# Stats tracking sites - when do they update?



## twilyth (Aug 20, 2010)

I don't normally follow my stats very closely, but recently I've been checking, especially on free-dc, and it would be helpful to know how many time per day and exactly when it it is that the various sites do their updates.

Also, were does the data for the updates come from?  If they update more than twice per day, do they have access to data before it appears on the WCG web site, just like I can see my results status before my overall stats are updated?

Thanks.


----------



## twilyth (Aug 21, 2010)

bump


----------



## Solaris17 (Aug 21, 2010)

tracking sites update at their own intervals you need to go to the sites to find out the specific intervals of that site. dont bump in 2 hour intervals. Their are threads availible usually in the form of a sticky in the F@H and WCG forums with a list of trackers.


----------



## twilyth (Aug 21, 2010)

can you point me to one that would have that information?


----------



## Solaris17 (Aug 21, 2010)

twilyth said:


> can you point me to one that would have that information?



sure page one sticky #4 down i believe

http://forums.techpowerup.com/showthread.php?t=106593


----------



## twilyth (Aug 21, 2010)

Thanks but that doesn't say when the updates run.  I think that would be useful information.  I'm at free-dc and I can't find anything on it.  So either they run when they get around to it or they have a schedule but don't publish it - which I would find hard to believe.  I guess I'll start emailing them and the other sites.  I'll post what I find in the last sticky since it's the only one with an appropriate name that tells people what they will find inside.  The name of ION's sticky needs to be more descriptive.


----------



## Solaris17 (Aug 21, 2010)

or you could ask TPU's captain if he knows.


----------



## mjkmike (Aug 21, 2010)

I don't think there is a set time.  Free DC seems to only update three time's a day and with the weekend server work that changes.  Daily points don't matter much do they?


----------



## twilyth (Aug 21, 2010)

mjkmike said:


> I don't think there is a set time.  Free DC seems to only update three time's a day and with the weekend server work that changes.  Daily points don't matter much do they?

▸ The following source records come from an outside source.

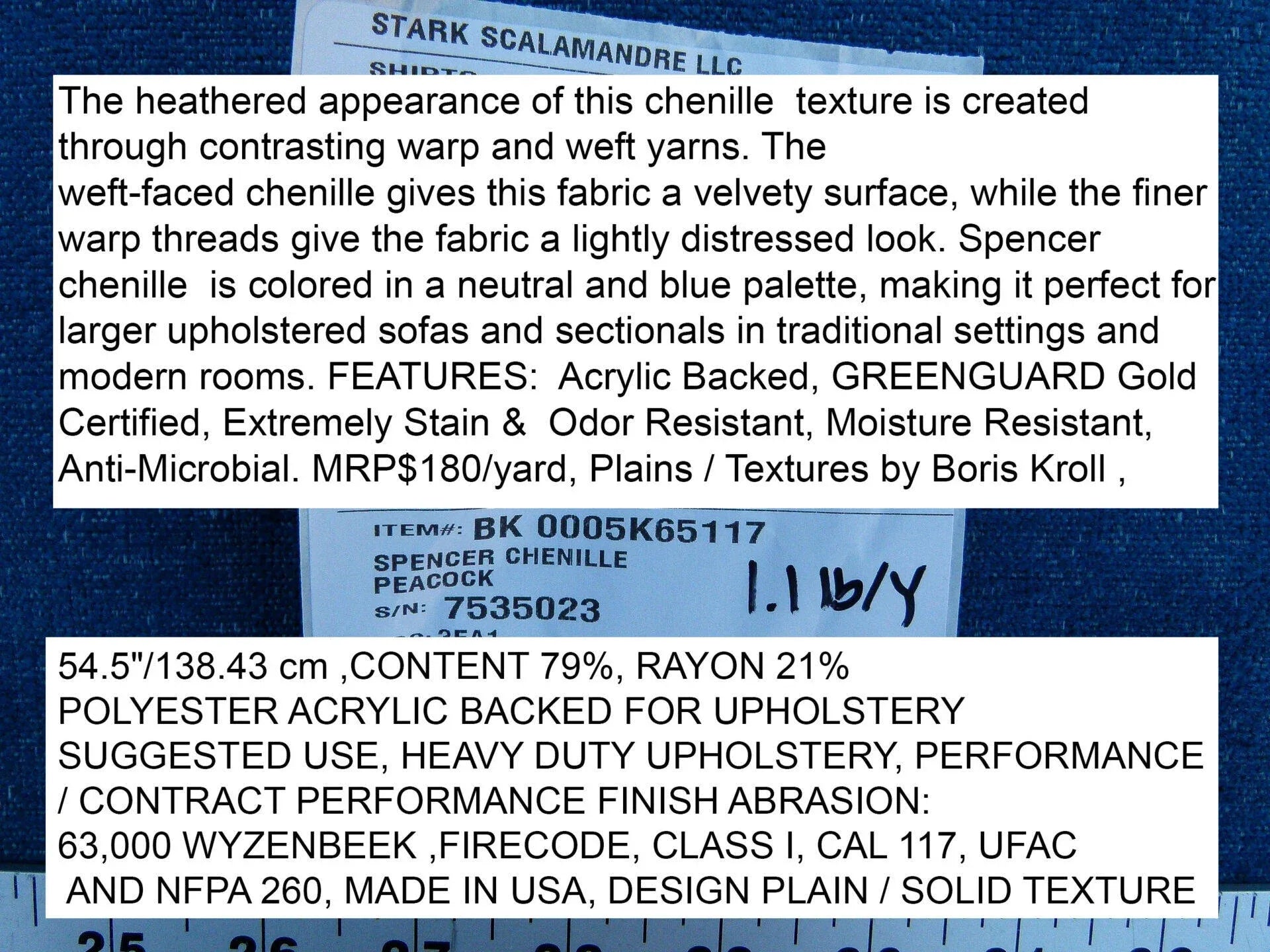 Scalamandre Spencer Chenille Peacock Solid Texture Blue MSRP USD 180/y
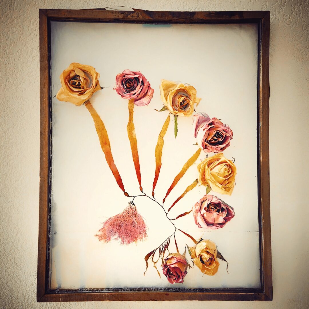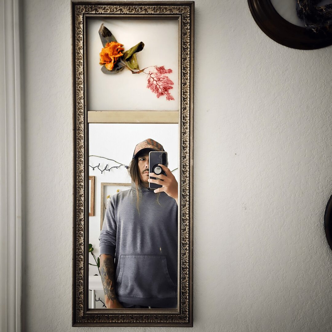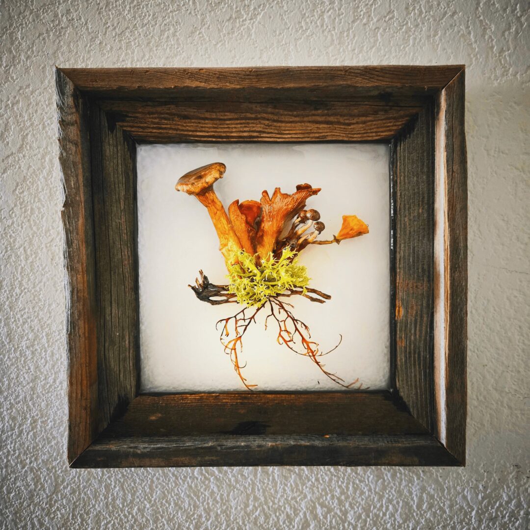 I started to combine these together and then everything clicked! It started simply as adding leaf-shaped kelp to a sunflower, and evolved to complex designs of kelp, flowers and even fungi; inspired by my neuroscience background, climbing trips in the Sierras, surf missions down in Baja, and relationships with those I love. I then epoxy resin all of this directly into a picture frame to create sculptural, hangable art.
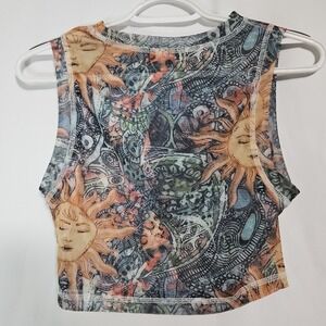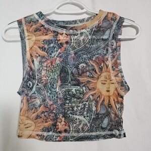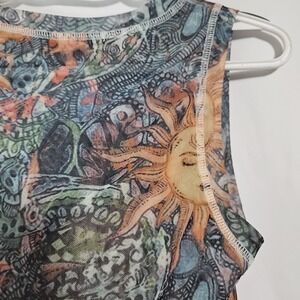 Sheer Celestial Sun Mesh Crop Top Grunge Fairycore Festival Tank Y2K Style
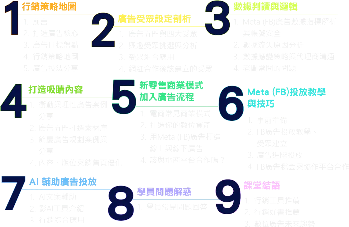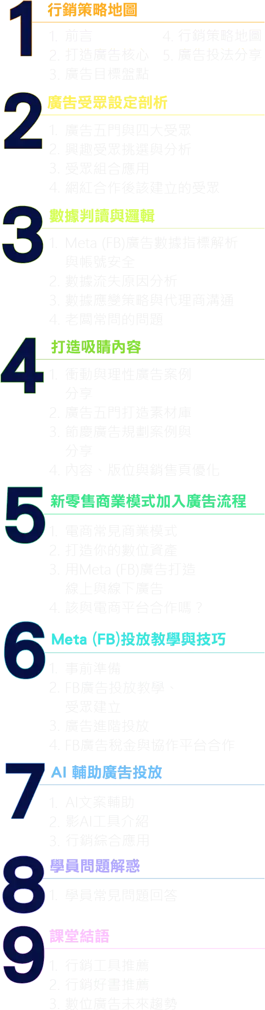 本課程,透過實際案例與表單工具,帶你拆解業績影響的因子,從促銷方案、檔期規劃、素材呈現、受眾分群到會員回購,提出解決方案,這是一門讓你拿回廣告主導權,將預算轉化為實質營收的必修課,教你如何用數據說服老闆,也說服自己!

I have my reasons for looking into this and I don't feel like explaining at the moment.

free-dc is pissing me off.  I registered there years ago but they have no option to get your password reset and no email address that I can find.  Guess it's off to whois and see who their admin is.


----------



## mjkmike (Aug 21, 2010)

No explaining needed.   I just gave you my view on the subject.


----------



## twilyth (Aug 23, 2010)

Bok at Free-dc was kind enough to reply to my email.  WCG post updated XML data about every 6 hours.  Free-dc grabs the data as soon as it is posted and generates the new stats.

For eastern standard time, that seems to be 10am, 4pm, 10pm, 4am

edit:  those are probably the start times btw.  The results don't actually get posted on free-dc until sometime later - probably 20-40 minutes roughly.


----------